Alfonso Merlos
Macrofraude
¿Alguien puede sorprenderse ante la acción de una justicia a la que le extraña la legalidad de partidas presupuestarias dedicadas a joyerías, restaurantes, tiendas de deporte, balnearios, hoteles o floristerías? ¿Alguien puede considerarse una víctima ante la acción de unos investigadores cuyo celo ha sido excitado por la proliferación de contratos de 17.997,98 euros, a 2 euros y 2 céntimos del límite para no licitar concurso público? El señor Besteiro no sólo está en su derecho sino hasta en su obligación de defenderse. Primero, porque las fundadas acusaciones que pesan sobre su gestión son de lacerante gravedad. Segundo, porque su dimisión prueba que en absoluto se ha construido en los tribunales un caso con falta de fuste o rigor. Al contrario. Las decenas de microcontratos que firmó para construir, ladrillo a ladrillo, un presunto monumento al fraude han sido por desgracia moneda corriente en otras administraciones manchadas por el latrocinio: ya se sabe, la confabulación de personajes en el sector público y el privado a costa del pulverizado bolsillo del contribuyente.
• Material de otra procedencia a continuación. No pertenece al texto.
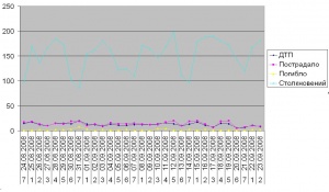 Хотя статистика это не очень подтверждает. Во всяком случае, за месяц. Смотри картинку. Видно только что по воскресеньям столкновений намного меньше.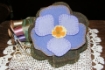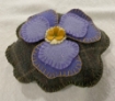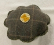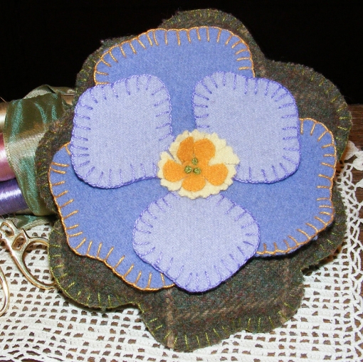 Pretty Lavender shades of wool petals stitched with #8 Perle cotton Blanket Stitch around the edges. The center is layered with Yellow and Gold wool! The large window pane checked olive green wool background is hand stitched around the edge with Blanket Stitch. This handy pin cushion is filled with 100% wool fleece. This will make a useful pin cushion accessory for your sewing room or a lovely gift for a stitching friend!6" x 6"

Estamos en el punto en el que Rajoy podría tachar de indecente a Pedro Sánchez por las actuaciones, aún por juzgar, de su buen amigo Besteiro. Pero hay formas y formas de encarar la corrupción. La del Partido Popular, en este escándalo que se agiganta a medida que conocemos escabrosos detalles, está pasando por confiar en el trabajo de los especialistas: los agentes competentes en delitos financieros y fiscales. La del PSOE, por desgracia, se está volcando en desacreditar la ardua labor de una juez para limitar el propio daño político y partidista. ¿Verdad que no hemos olvidado la artera campaña padecida por Mercedes Alaya por levantar el velo de los falsos ERES?